Two Utah men are accused of trying to illegally export surplus pieces of F-14 fighter jets, a plane that is flown only in Iran.

Abraham Trujillo, 61, and David Waye, 22, both of Ogden, are alleged to have tried exporting the parts to Canada, but the charges don't specify how they supposedly got the parts and don't list all buyers.

Federal agents placed online orders, then intercepted the goods before they made it out of the country, the charges said.

Trujillo and Waye were charged Friday with three counts each of attempting to export a defense article without a license. Telephone listings could not be found for the men.

Iran, trying to maintain its F-14s, is aggressively seeking components from the retired U.S. Tomcat fleet. Members of Congress have expressed concerns about the Department of Defense selling surplus F-14 parts because they're worried they could wind up in Iranian aircraft.

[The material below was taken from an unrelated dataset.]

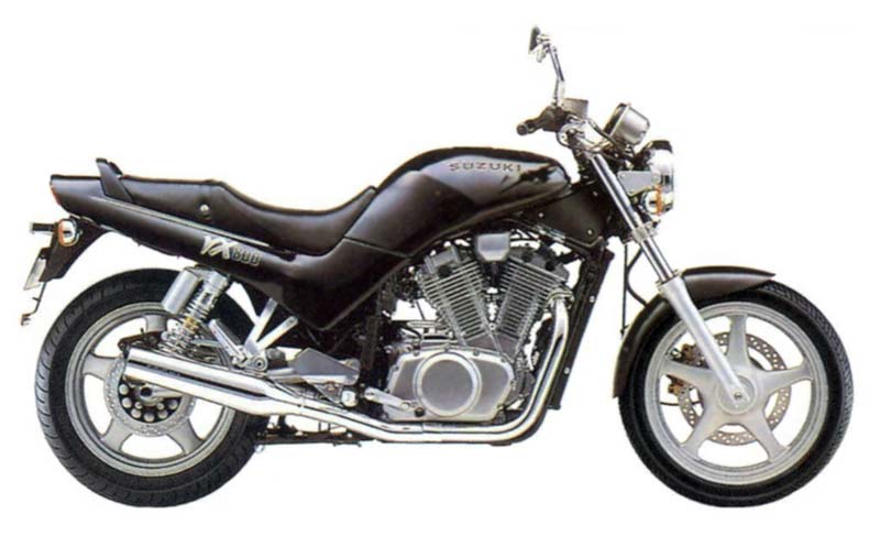 | 1990 | Suzuki | VX800 | 798 | 40 | 5.9 | 63 hp | 31.5 in | 480 lb |

The U.S. sold the F-14 to Iran in the 1970s when it was under the rule of the Western-friendly shah. In 1979, the shah was deposed, and the U.S. eventually banned the sale of military equipment to Iran.

The U.S. attorney's office says federal immigration agents discovered a Web site with listings of F-14 parts offered by Trujillo and his Ogden business, NSN Specialists. Over several months in 2006 and 2007, agents bought cable assemblies and other F-14 and F-4 jet items from Trujillo.

The men will receive a summons to appear before a federal magistrate. Penalties can carry 10 years in prison and a $1 million fine per count.